История, которую видел Мартин на Первой картине, не исчезла, но стала древнее, гораздо древнее, а Роман думал, как же все это непостижимо и нет никакой возможности понять, что водит рукой художника, и как это проникает в души людей. Потом он посмотрел на Мартина и Дашку и сказал:

– Если честно, я знаю, кто автор. Но не уверен, что надо его называть.

– Автор связан с IQuest? – спросила Дашка, она очень удивилась.

– Изначально, нет. Я видел эту картину в процессе создания и теперь понимаю, как она могла сюда попасть, – сказал Роман.

Мартин и Дашка кивнули. Мартин сказал:

– Последнее время, мне кажется, что мы выпадаем из границ реальности. Мне это дается непросто. Но к Первой картине я не мог вас не привести. Это я к чему. Если вы уже насмотрелись на нее, давайте пойдем и пообедаем. И я хотел вас сводить в одно местечко.

Практичное предложение Мартина подошло всем. Они вернули освещение в исходное состояние, кинули последний взгляд на полотно, выгребли все монетки, какие нашли в карманах, закинули их в ящик для пожертвований, простились со Смотрителем и ушли из галереи.

Вечером Дашка и Роман улетели в Петербург.

092. Атака на Первую картину, все спешат

Под утро Смотритель вздрогнул во сне и, ускоряясь, стал проваливаться в крученую черную бездну. Разогнавшись до звездных скоростей, он бессильно откинул голову, но, к счастью, тут же спасительно проснулся с глубоким судорожным вздохом. Две или три минуты ему потребовались, чтобы отдышаться. Сомнений не было, случилось плохое, надо было торопиться. Смотритель поднялся с кровати, оделся, обулся и за полчаса добрался до двери в галерею на острове Сен Луи.

Смотритель точно помнил, что вчера, как и всегда, он аккуратно, следуя привычке, выключил в галерее светильники, перевел охранную сигнализацию в ночной режим, проверил видеокамеры, закрыл жалюзи, вышел из галереи и запер входную дверь. На улице он оглянулся, чтобы убедиться, что все выглядит так, как должно. Все выглядело как должно.

Маленькая девочка проснулась рано утром, расплакалась и стала искать что-то, что она потеряла. Маме она не смогла объяснить, что именно ищет. Плюшевый мишка, смешные гномики, старая кукла, новая кукла и чашка с теплым молоком ее не утешили. Мама не могла ее уложить или хотя бы успокоить. Маленькая девочка плакала горько и безнадежно.

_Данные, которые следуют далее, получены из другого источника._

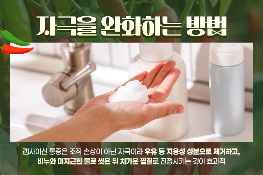 캡사이신으로 인한 통증은 조직이 손상된 것이 아니라 치료보다는 자극 성분을 효과적으로 제거하고 진정시키는 것이 중요합니다.
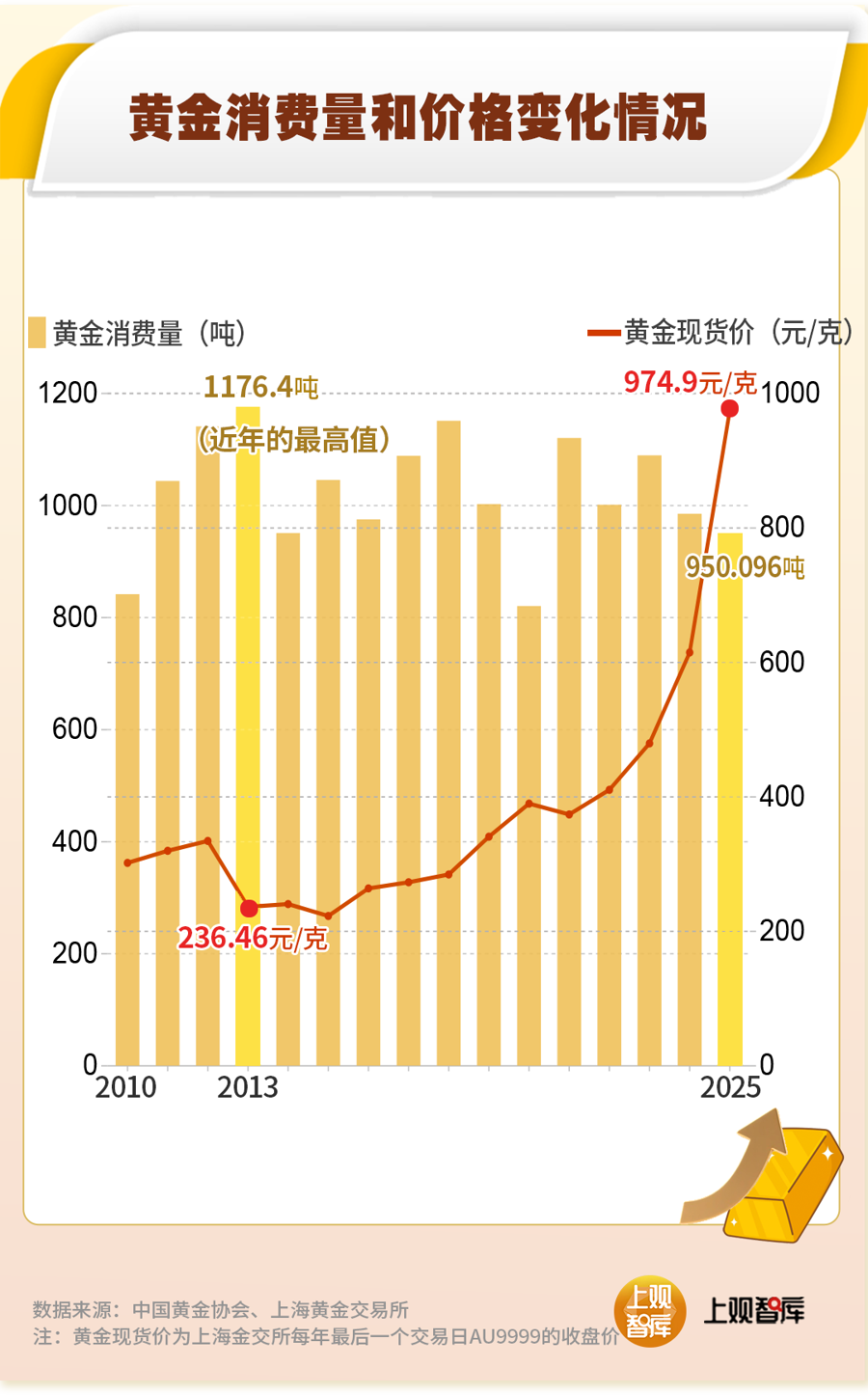 在金价狂飙60%的背景下,2025年国内黄金消费量虽然仍在950吨以上,但同比下降了3.57%。

Позади Ии раздался грохот. Она повернулась и сквозь дверной проем увидела, как в кабинете посыпались одна за другой книги с верхних полок, вращаясь и раскрываясь на лету, сталкиваясь и увлекая за собой все, что могли зацепить по пути, – другие книги, палитру на высоком табурете, сам табурет, стремянку, коробку с кистями и мастихинами, мольберт и незаконченную картину, стоявшую на нем. Ия видела падающие предметы и понимала, что то, что случилось, случилось не здесь, здесь просто эхо. Дело в Первой картине.

Угли маленькой жаровни, на которой Жан-Кристоф в медном кофейнике варил сегодняшний утренний кофе, вдруг вспыхнули синим огнем, мгновенно взбурлили содержимое кофейника, безнадежно испортив его вкус и разрушив безмолвную безмятежность утра. Вспенившийся перегретый кофе, бурля и фыркая, залил жаровню и наполнил все вокруг горьким запахом внезапной утраты. Стало очень тихо, угли больше не шипели. “Вот оно как обернулось”, – подумал Жан-Кристоф и направился к двери, на ходу сдернув шарф с вешалки и закинув его за плечо.

Мадам Куратор проснулась в огромной кровати от пронизывающего ветра и пронзительного чувства покинутости. Казалось, во всем доме от сквозняка хлопали двери и рамы, стучали старые жалюзи, рвались и метались занавески. Ветки деревьев снаружи бились о дрожащие оконные стекла. Дом словно осиротел и кричал о какой-то ужасной ошибке или безвозвратной утрате. Мадам понадобилась минута, чтобы постичь случившееся, глаза ее на секунду расширились “Quelle merde!”, она выдохнула, качнула головой, замерла на полсекунды и стала собираться.

 

За окном у Мартина на крыше соседнего дома как сумасшедшие раскричались птицы, внизу на неровностях улочки нещадно загрохотали мусорные баки, взвизгнули тормоза машины, залаял заливистый пес, неурочно громко и беспорядочно заголосил колокол соседней церкви. Мартин проснулся, удивился холоду и нежданной беспричинной тоске, забиравшейся в его душу вместе с этим акустическим натиском. Мартин зашел в темные карты, на секунду зажмурил глаза, снова открыл и засобирался.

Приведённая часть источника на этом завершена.